MN_IF_NAME: “wlP9s9”
GLOO_SOCKET_IFNAME: “wlP9s9”
OMPI_MCA_btl_tcp_if_include: “wlP9s9”

Thank you for putting in the effort to compile the data and get the compose shared.

Thanks for sharing! Im way out over my skis trying to get DS4 running on 2 sparks of a 3 node cluster, burning through Claude credits, so any help like this is just so appreciated. :-)

Sign up for deepseek v4 pro on deepseek.ai and spend 50x less money than on Claude. I have put 10 bucks in and still have 6 left after weeks of use. Now switched to local v4 flash of course. I have it in Hermes and the article above is basically his job as well as researching GitHub, peeking into vllm docker layers, cross-checking on reddit etc. I used flash and pro intermittently. Both are more than capable. And then we built kernels, cherry picked commits, deployed cluters, found nccl issues. I would have bailed if I was doing it myself (not my core job). This is what people don’t get about AI productivity - it makes failure very cheap, thus allowing you to probe and test way more solutions you would never try as it has 10% success but cost of weeks of work. And sufficient amount of they pay off. Totally worth it.

This is sick. Thanks for all the work.

Can we get this in a recipe file for Spark VLLM Docker? @eugr_nv @eugr

Yes, it’s in my list :)

May need to order another DGX Spark, just to try this out :)

Sign up for free to opencode zen and try, they give trial every day for hours at insane speed. Ds4 flash only, no pro. I usually started for free, half day, then switch to paid directly to deepseek.ai endpoint, dirt cheap. In few hour free is back. :)

Cheers

I’m surprised that none of these improvements are being ported back to vllm main via PRs by lukealonso and the others that made this image possible, the performance difference is massive. Anyone know why that is?

Just wanted to pitch in with my tests on this today.

Using this recipe, DeepSeek-V4-Flash running across two DGX Sparks using the aidendle94/sparkrun-vllm-ds4-gb10:production-ready image (thanks for the recipe). Sharing real measured throughput + a few deployment notes for anyone else attempting this.

Setup

  • 2× GB10, 128 GB unified memory each, TP=2.
  • Interconnect: one QSFP56 cable over the ConnectX-7.
  • vLLM 0.21.1, --max-model-len 1000000 (full 1M served fine), MTP speculative decoding on (num_speculative_tokens=2).

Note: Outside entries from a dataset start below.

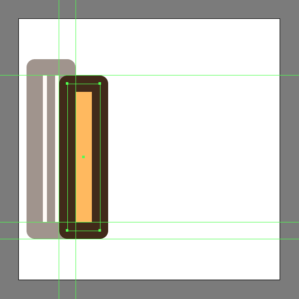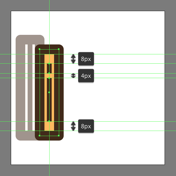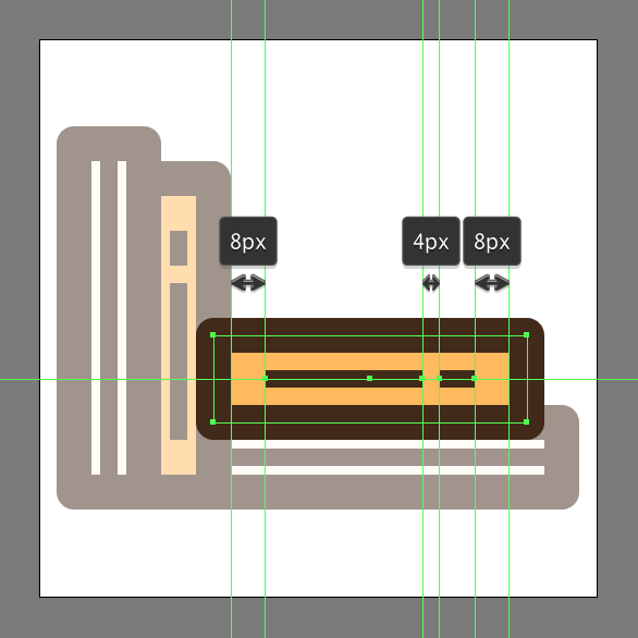 Рисуем вторую книгу. Для этого создайте прямоугольник размером 16 x 72 px (#FFBA5F) с обводкой толщиной в 8 px (#3F2514). Поместите вторую книгу прямо рядом с первой на на одной горизонтали.
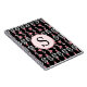 Um tema monográfico usando adoráveis cores contrastantes, este notebook é um dos tipos. Apresentando uma bela rosa e rosa branca em preto como fundo, há um gráfico circular rosa rosa no meio que faz o rótulo perfeito do monograma. Faça seu pedido hoje mesmo! Trabalho de arte floral em segundo plano: AMBilustrações http://www.etsy.com/shop/AMBillustrations/
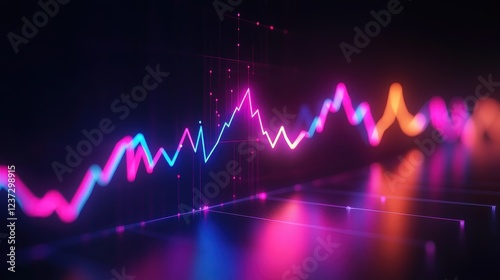 Stock market growth, neon-colored upward graph, 3D illustration.
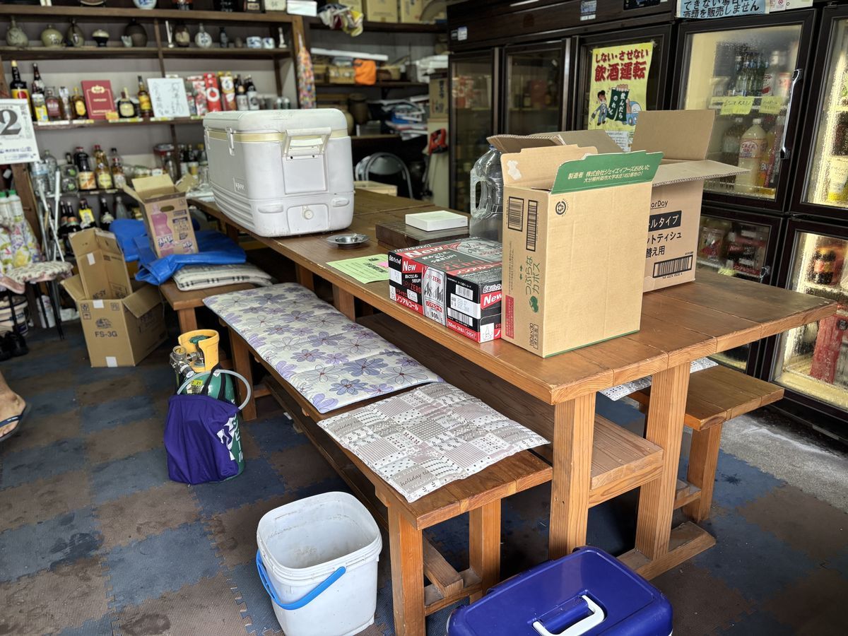 お母さんが「花火大会の準備で散らかってるけど…。」と笑いながら迎えてくれた。普段は近所の方がこのテーブルを囲んでお酒を楽しんでいるそう。
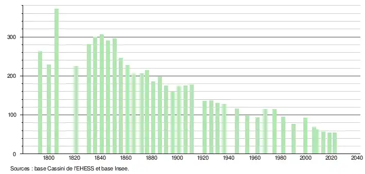 L'évolution du nombre d'habitants est connue à travers les recensements de la population effectués dans la commune depuis 1793. Pour les communes de moins de 10 000 habitants, une enquête de recensement portant sur toute la population est réalisée tous les cinq ans, les populations de référence des années intermédiaires étant quant à elles estimées par interpolation ou extrapolation[36]. Pour la commune, le premier recensement exhaustif entrant dans le cadre du nouveau dispositif a été réalisé en 2008[37].
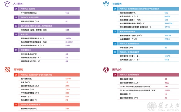 以“国家意识、人文情怀、科学精神、专业素养、国际视野”为育人目标,以“潜心教育、人心向学、脚踏实地、追求卓越”为理念,复旦大学致力于发挥综合性研究型大学优势,坚持以立德树人为根本,厚植师生成长沃土,也为人类社会的可持续发展源源不断培育人才。2020-2021学年,全校共开展与SDGs相关的本科生课程656门,研究生学位项目数81个,举办634场与SDGs相关的校内学生活动。
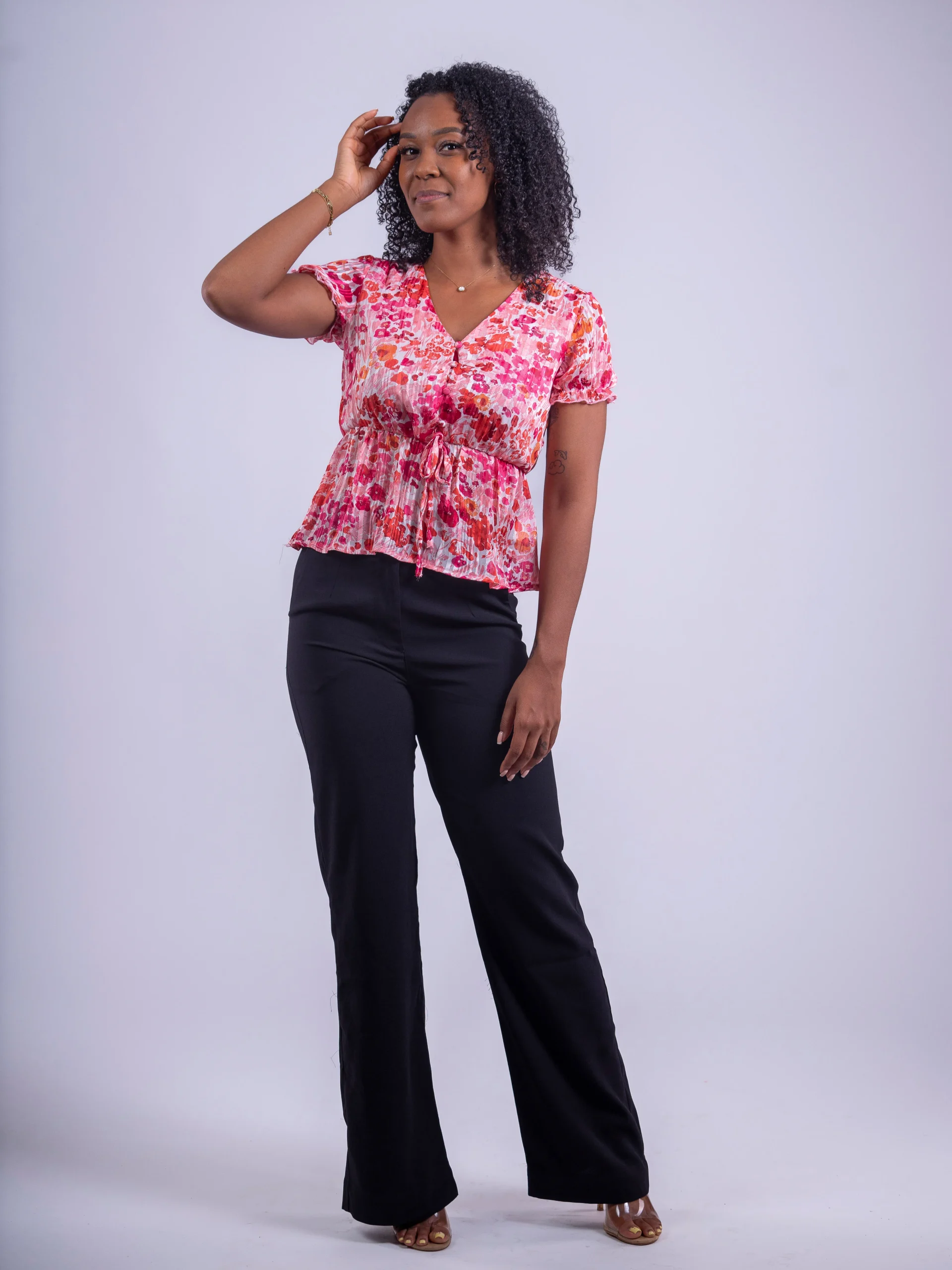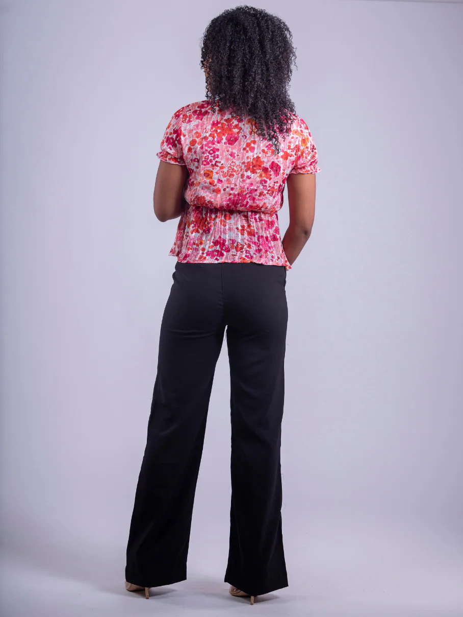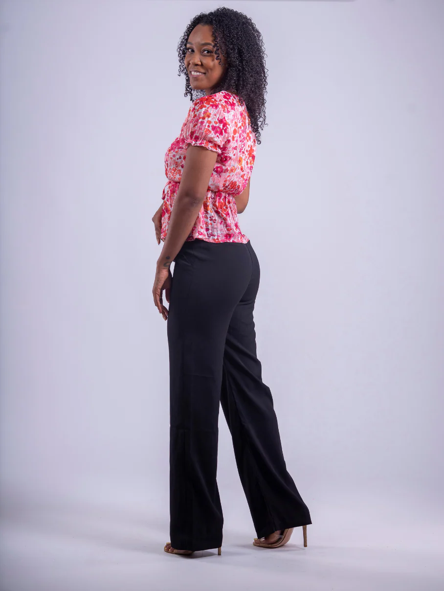 Confectionné dans un tissu fluide et agréable à porter, il dessine une silhouette élancée grâce à sa coupe droite et sa taille haute flatteuse.

Throughput (llama-benchy, pp2048 / tg128, single node client):

┌──────────────────────────┬──────────┐
│ Test │ t/s │
├──────────────────────────┼──────────┤
│ Prefill @ depth 0, c1 │ 1,574 │
├──────────────────────────┼──────────┤
│ Prefill @ depth 8192, c1 │ 1,586 │
├──────────────────────────┼──────────┤
│ Generation @ d0, c1 │ 35.6 │
├──────────────────────────┼──────────┤
│ Generation @ d0, c4 │ 63.9 │
├──────────────────────────┼──────────┤
│ Generation @ d4096, c4 │ 30.8 │
├──────────────────────────┼──────────┤
│ Generation @ d8192, c4 │ 23.5 │
├──────────────────────────┼──────────┤
│ TTFT @ d0, c1 │ 1,276 ms │
└──────────────────────────┴──────────┘

Takeaways:

  • Prefill is excellent and essentially flat across context depth (~1,580 t/s from d0 to d8192) the long-context story holds up well on this hardware.
  • Single-stream generation ~36 t/s. Scales to ~64 t/s at c4/shallow but degrades under concurrency × depth (23.5 t/s at d8192 c4). Expected MoE-over-two-boxes behaviour — generation is gated by the cross-node NCCL hop on every token.
  • reasoning_effort (high vs max) made no difference to raw token rate, as expected.

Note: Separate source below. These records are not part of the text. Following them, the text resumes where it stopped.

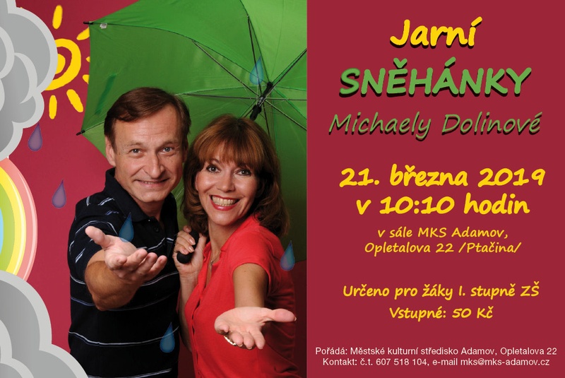 Pro děti (od cca 6ti do 12ti roků) jsme připravili představení Michaely Dolinové Jarní sněhánky. Těšit se na ně děti mohou 21. března 2019 v 10:10 hodin (v sále MKS na Ptačině). Vstupné: 50 Kč
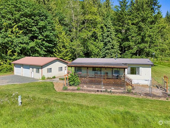 Discover your perfect retreat with this charming 2-bedroom, 2-bathroom home, nestled on 4 sprawling acres of natural beauty. Imagine waking up each morning to breathtaking views of the majestic Olympic Mountains! Rest assured that there will not be a home built behind you as the property is backs up to by DNR land. Inside you will find new carpet allowing you to move right in. The large detached 864 sqft garage/shop offers endless possibilities, whether you need space for your hobbies, storage, or a workshop. Includes Starlink equipment. Here is your opportunity to purchase a move in ready home on 4 acres, with mountain views, for an amazing price! Don't miss out!Offer review date July 11th, but a strong offer may be accepted early.
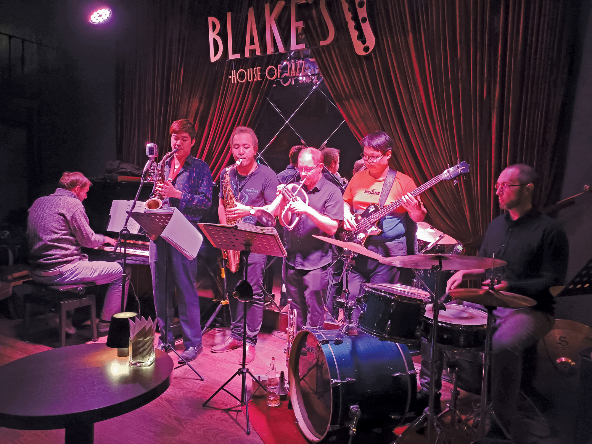 Có lẽ là giản dị thật, cả địa điểm cũng giản dị, không gian cũng giản dị, không có nhiều bài trí, chắc là để đôi mắt của những người tới đây không thể bị phân tâm đi đâu ngoài hướng về phía tấm màn sân khấu màu đỏ, sẽ được mở ra vào đúng 8h30, vào ngày thường là để chiếu các bộ phim tài liệu về jazz, và vào ngày cuối tuần là để ban nhạc chơi jazz.
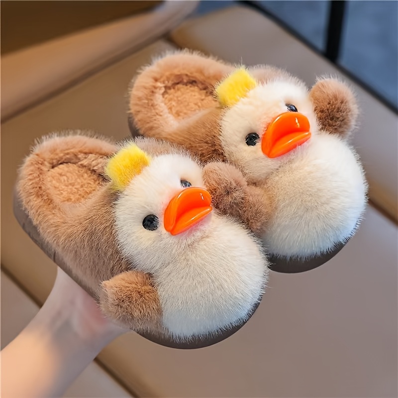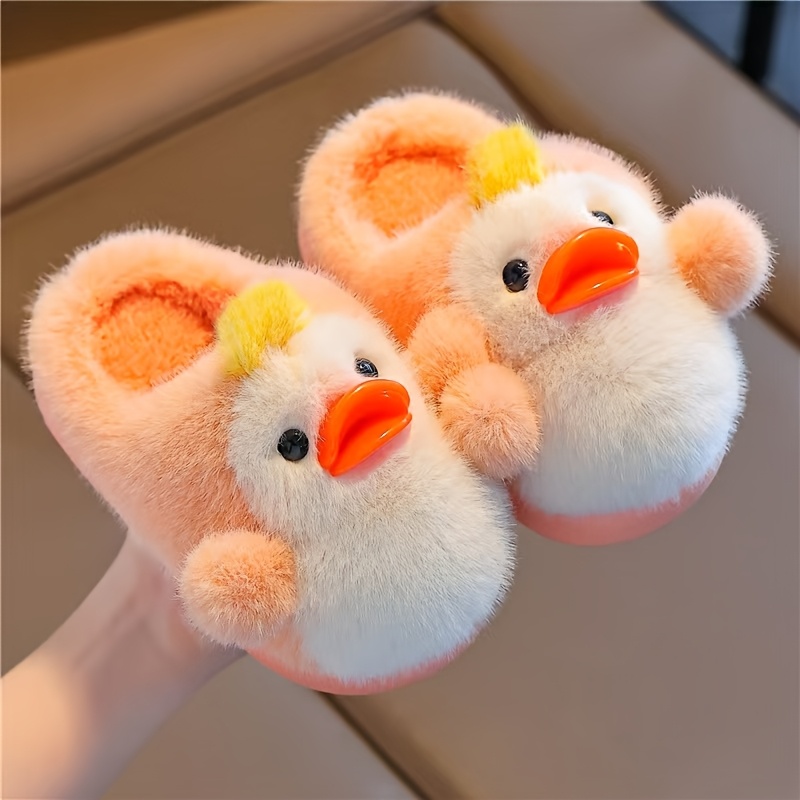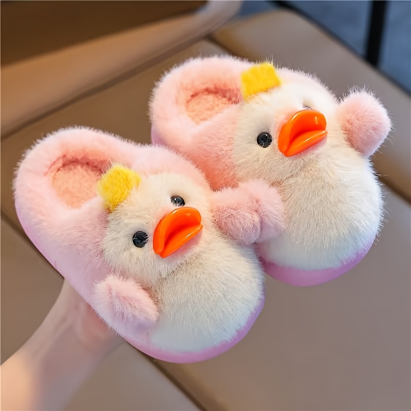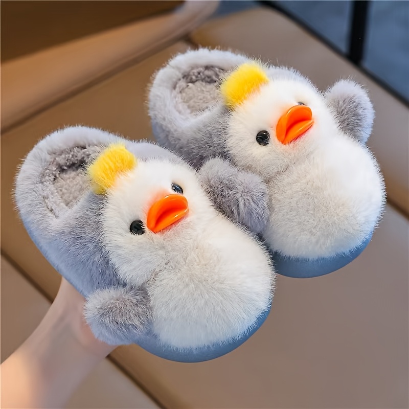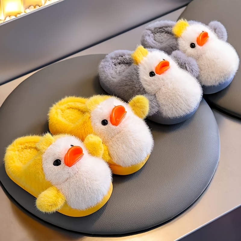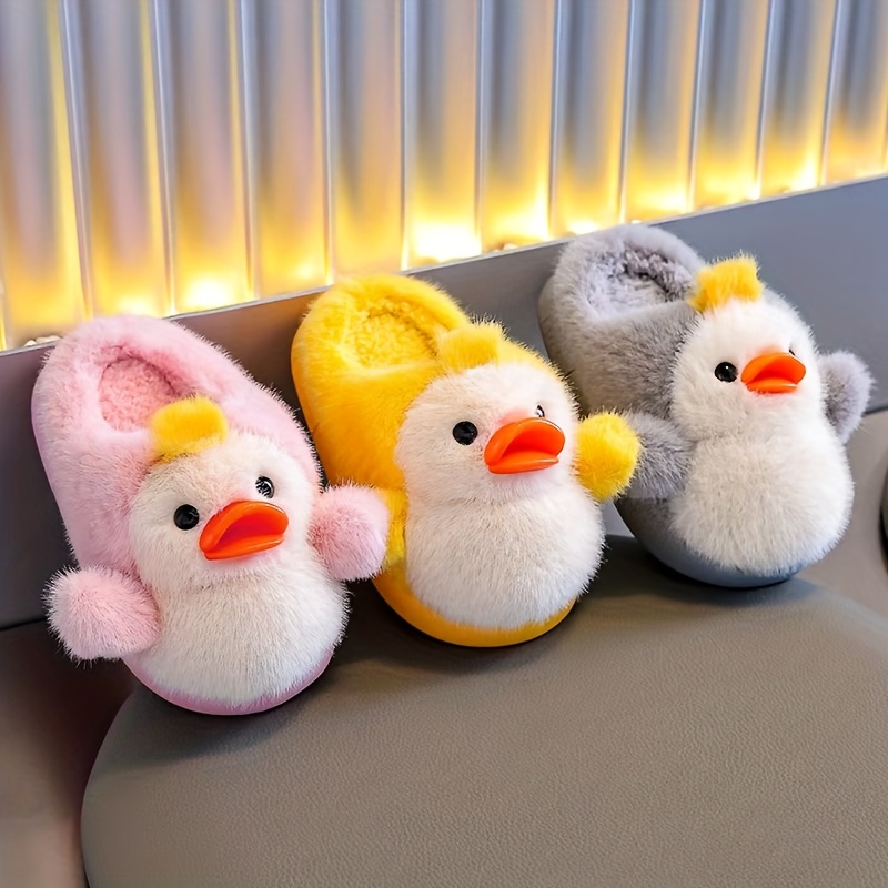 Cute Duck Slippers – Winter Warm Soft Plush-like Indoor/Outdoor House with Rubber Sole, Low-Cut Duckling Booties for & (Pink, Grey, Yellow)
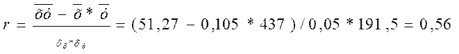 Определим тесноту связи между изучаемыми признаками, рассчитав коэффициент корреляции по формуле:

Quality (sanity check, tool-calling bench, 69 scenarios): scores in the same band as our other production models. Best autonomous planner of anything we’ve run locally; strong structured reasoning/output.

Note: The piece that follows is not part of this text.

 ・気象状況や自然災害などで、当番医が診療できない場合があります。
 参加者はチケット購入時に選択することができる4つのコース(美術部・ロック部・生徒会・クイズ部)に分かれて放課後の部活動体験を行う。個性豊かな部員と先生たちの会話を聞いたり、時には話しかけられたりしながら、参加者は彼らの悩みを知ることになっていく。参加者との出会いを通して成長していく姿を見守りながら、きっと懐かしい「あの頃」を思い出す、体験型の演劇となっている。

Running it at the official sampling (temp 1.0 / top_p 1.0, thinking on) and found reasoning_effort: high beats max for agentic/tool work — max added latency and slightly regressed structured-output/safety.

Overall I’m super impressed. Early days, but this thing really does feel sonnet adjacent in chat. Big test will come next week as it replaces 122b in my hermes kanban profile roles.

OK I am at shocked how well this works! Speechless!!!

Works so well on my two sparks it’s pretty insane!!!

I am getting 40-45 tok/sec, insane!!